# What if bitter apple spray doesn't work?



## Faith82 (Aug 25, 2011)

Hello!
Our 9 month old has recently started chewing things while we are away. We leave plenty of nylabones (which he normally loves) in the bedroom for him but he has started chewing our curtains and the footboard of our bed which is wood. I sprayed bitter apple spray on the objects and put his mouth to it so he could taste it. He liked it and went back for more!!!!:doh: My question is...what's next? What else can we try?


----------



## darbysdad (Dec 23, 2011)

You may have "uncrated" him a little early. Our last golden was crated for 2 years before we felt comfortable leaving her loose in the house. Even then she was confined to an area. Nine months old is awful young to be putting that must trust in him. They are in the "prime" of their chewing stage at that age. The crate should be a comfortable, safe, area for the pup to be in while your away and hopefully viewed that way. My neighbors dog decided curtains and carpet were not tasty enough, so their dog decided to eat holes in the drywall.


----------



## Wyatt's mommy (Feb 25, 2011)

Personally I think that is way too young for that much freedom alone. X-pen, crate, baby gate off in a pet friendly area, or safe kennel outdoors.


----------



## Rainheart (Nov 28, 2010)

I would definitely start crating again.


----------



## tahill (Jul 19, 2011)

Chloe is 9 months old as well, but she is gated off. She has full roam downstairs but the upstairs is gated off. So far she has not destroyed anything. My advice would be to but up gates. Gate her off in your kitchen if possible.


----------



## goldensrbest (Dec 20, 2007)

Also, with bitter apple,it has to be sprayed often.


----------



## coffenut (Jan 3, 2012)

Someone recommended Citronella Essential Oil to me as a substitute to Bitter Apple.


----------



## vcm5 (Apr 20, 2011)

I agree, it may be a case of just too much freedom too soon. If you don't want to go back to crating all the time, I would advise you to just let your pup have access to one room while you are gone and puppy proof it as best you can, leaving plenty of toys and etc. Nine months just might be a little young for all that freedom!


----------



## bioteach (Nov 13, 2010)

Lots of good advice! At this age, it isn't that your pup likes Bitter Apple, it more like the "good stuff" may taste terrible but it's so much fun to chew anyway. 

This stage will pass......eventually.


----------



## AtticusJordie (Aug 15, 2006)

We tried Bitter Apple for areas where they had peed (not too sure--it was a looooong time ago)--but they loved it. We haven't really found a good working substitute--but, knock on wood--haven't needed to find one for quite awhile now.

SJ


----------



## Vanfull (Jan 20, 2012)

One of my pups was fine with the bitter apple spray until I gave her a squirt right on her mouth one of the times she would not redirect or quit chewing when I sprayed it on the object.
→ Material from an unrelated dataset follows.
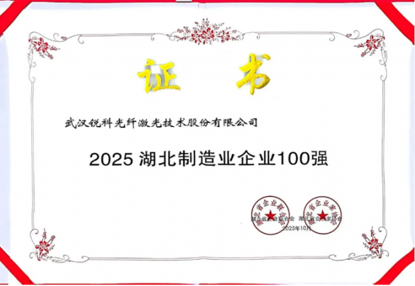 近日,湖北省企業聯合會、湖北省企業家協會向社會發布“2025湖北企業100強、湖北制造業企業100強、湖北服務業企業100強”榜單,銳科激光榮登湖北制造業企業100強榜單。...

Now I just get the bottle out and she will typically get up and leave my woodwork or chairs alone.


----------



## nolefan (Nov 6, 2009)

It is my understanding that a big part of what makes bitter apple unpleasant for dogs is the alcohol in it. When it dries, the alcohol evaporates and much of the deterrant is gone with it. If the dog is chewing he needs to be confined for his own safety.


----------



## MikaTallulah (Jul 19, 2006)

Being uncrated when owners go out is a privilege not a requirement for happyness. "Leave it" is my favorite command to teach my dogs/puppies. Worked great on walks too.

Buddy mastered in only a few days. If you don't continually stay leave it as a reminder not to touch things on the counter every few days he will try to counter surf but he has been really good about not doing it lately.


----------



## shortcake23 (Aug 15, 2008)

I agree with the others. We only uncrated Mia during the day when we were not home at around 2 years old (and she had never chewed on our stuff... we just didn't want to give her a chance to!)... and at night, we left her uncrated at 6 months old, but as I said, she never chewed any of our stuff (except ONCE when she was younger)... so we tried and she did super well, so we continued... 
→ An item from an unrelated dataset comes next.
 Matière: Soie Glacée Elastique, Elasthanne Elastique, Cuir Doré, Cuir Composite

But it depends on the dog...

We've had success with Bitter Apple, so not sure what else...


----------



## jluke (Nov 18, 2011)

*A Few Thoughts*

On the bitter apple -- Maisie (8 months) loves bitter apple. Her trainer recommends bitter apple gel which you can get at Amazon. She also recommends Tabasco (but Maisie likes that, too, or just wanted to tug on her leash so much she ignored the taste).

We're just now letting Maisie out of her crate overnight. We don't plan to start letting her out of her crate during waking hours when we're not home until she's about 12 months -- and so far she hasn't ever chewed anything that wasn't "hers". When we do introduce her to the house, we plan to do it by gating her in the kitchen which is where her crate is located. We've been told that this gradual approach using the room she's most familiar with as a start might work best. Hope this helps...


----------